A few years ago, I asked my husband if I could make cauliflower mashed potatoes for Thanksgiving instead of the “real” kind. “I think you’re taking this healthy food thing too far,” was his response. Really? “Who cares about mashed potatoes?” is what I thought. For someone who loves planning and cooking Thanksgiving dinner as much as I do, it’s pretty ironic that I don’t like turkey, stuffing or mashed potatoes. So every now and then I test the waters to see if I can eliminate one of them. Nope, never happens.
I have even asked if I could make Thanksgiving mashed potatoes more exciting. “Honey, why can’t we be one of those couples who serves roasted garlic mashed potatoes or parsnip-celery root mashed potatoes with caramelized leeks?”
“Um, because no one in my family would want to eat those.”
Drat. And this, people, is the reason there are “friendsgivings.” I vow to do one next year with all sorts of seemingly crazy, alternative twists on tradition.
In the meantime, if I’m going to make plain old mashed potatoes, I might as well make them the best that they can be. And that involves significant dairy. In fact, I taught these in my classes a couple of years ago and I titled the recipe, “Thanksgiving Mashed Potatoes” just to put a little alert they’re not diet food. If you usually come here for truly healthful recipes, I have not sold myself down the river. It’s just this once, I promise.
In my opinion, mashed potatoes should be smooth and flavorful, light and creamy. I have tried mashed potatoes with cream cheese and sour cream and I wasn’t a huge fan. But I don’t skimp on the butter. I have been using this recipe for many, many years and it never disappoints. But there are a couple of key tips to making excellent mashed potatoes no matter what recipe you use. I much prefer Yukon Gold potatoes over Russet potatoes. Yukon Golds are buttery and creamy. Russets have less flavor and are a little grainy.

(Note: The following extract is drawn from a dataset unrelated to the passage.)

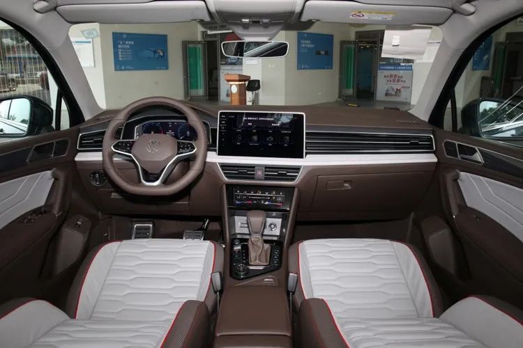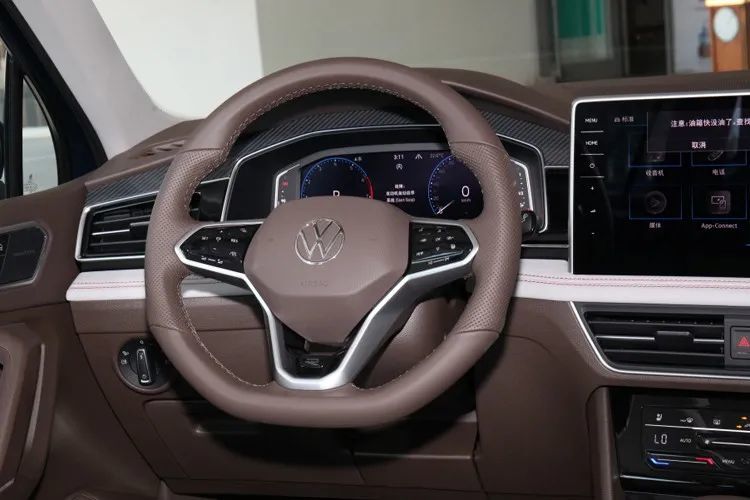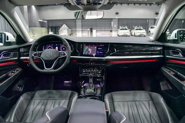 做进车内,新车中控布局虽无明显变化,但新增的超大尺寸悬浮式中控屏着实给了我们不少惊喜,保守估计13英寸。除此之外,新车也换装了品牌最新的三幅式方向盘和更大尺寸的VW车标。

Starting your potatoes in water, as opposed to bringing water to a boil and then adding potatoes, will help cook potatoes more evenly. A ricer or a food mill will result in the smoothest consistency. A ricer presses the potatoes into small, rice-like bits which blend super easily when mixed with butter and half-and-half. I have had my ricer for almost 20 years and I think it’s this one on Bed Bath & Beyond, but amazon.com has this one which looks exactly the same as mine and it’s prime so you can order it today and get it well before Thanksgiving. Do NOT use a food processor to puree your potatoes. They will turn into glue!! Lastly, warm up your half-and-half and butter before adding them to the riced potatoes. This will keep everything nice and warm.

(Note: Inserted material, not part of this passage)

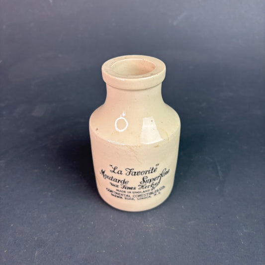 Antique French Mustard Pot “Noël London” Stoneware Advertising Jar 6oz

My last tip is a good one: you can make mashed potatoes up to two hours in advance if you like. We eat at 4:00 pm and I start the process at 2:00 pm. Place them in a heatproof bowl, cover them with foil or a lid and set the bowl on top of a pot of simmering water. Make sure the bowl doesn’t sink so far into the pot that you will have difficulty getting it out (that was a problem for me one year.) The hot water will keep the mashed potatoes warm without drying them out. No need to add extra butter or cream on top. Just give them a stir from top to bottom before serving.

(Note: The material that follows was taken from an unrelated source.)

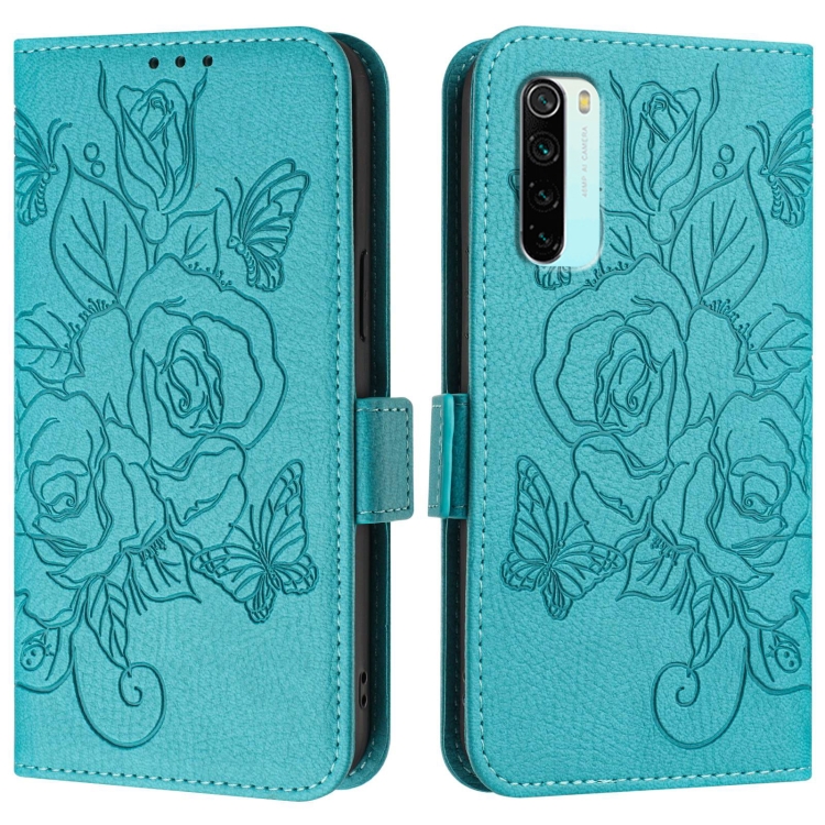 Funda de Cuero Antirrobo Rfid con Relieve En Rosa para Redmi Note 8 (Azul Claro)
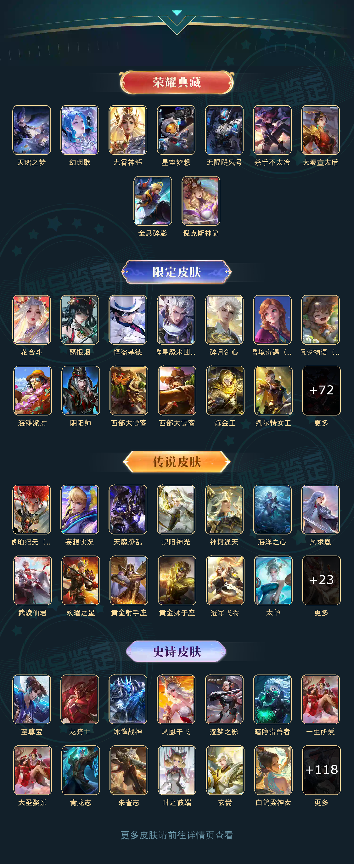 贵族等级V10,英雄数量125,典藏皮肤数8,皮肤数量422,天鹅之梦/星空梦想/无限飓风号/全息碎影/倪克斯神谕

This is my last Thanksgiving recipe before the holiday since I think everyone has a pretty good idea of his or her menu by now. I will be posting my final menu and timeline on Thursday as well as a couple great leftover recipes next week. Exciting!
- 6 pounds Yukon Gold potatoes, peeled and cut into 2-inch pieces*
- 1 Tablespoon kosher salt
- ¾ cup unsalted butter, cut into small pieces
- 2 ¼ cups (18 ounces) half-and-half, heated
- sea salt, to taste
- Place the potatoes in a large pot and fill pot three-fourths full with water. Bring to a boil and add the tablespoon of salt. Boil gently until potatoes are very tender and can be pierced easily with a fork, about 15-20 minutes. Drain well in a colander.
- In the meantime, warm the half-and-half with the butter in a small saucepan.
- If you are serving the mashed potatoes immediately, place a ricer or food mill over a large serving bowl. If you are holding the potatoes for up to 90 minutes before serving, place the ricer or mill over the top pan of a double boiler, or a large heatproof bowl placed over a saucepan of hot water (but not touching the water). Put the potato cubes through the ricer or mill. (Alternatively, mash the potatoes using a potato masher). Slowly add the half-and-half/butter mixture, a little at a time, stirring constantly with a large spoon or a large whisk, until the potatoes are very creamy but not soupy. Season to taste with salt.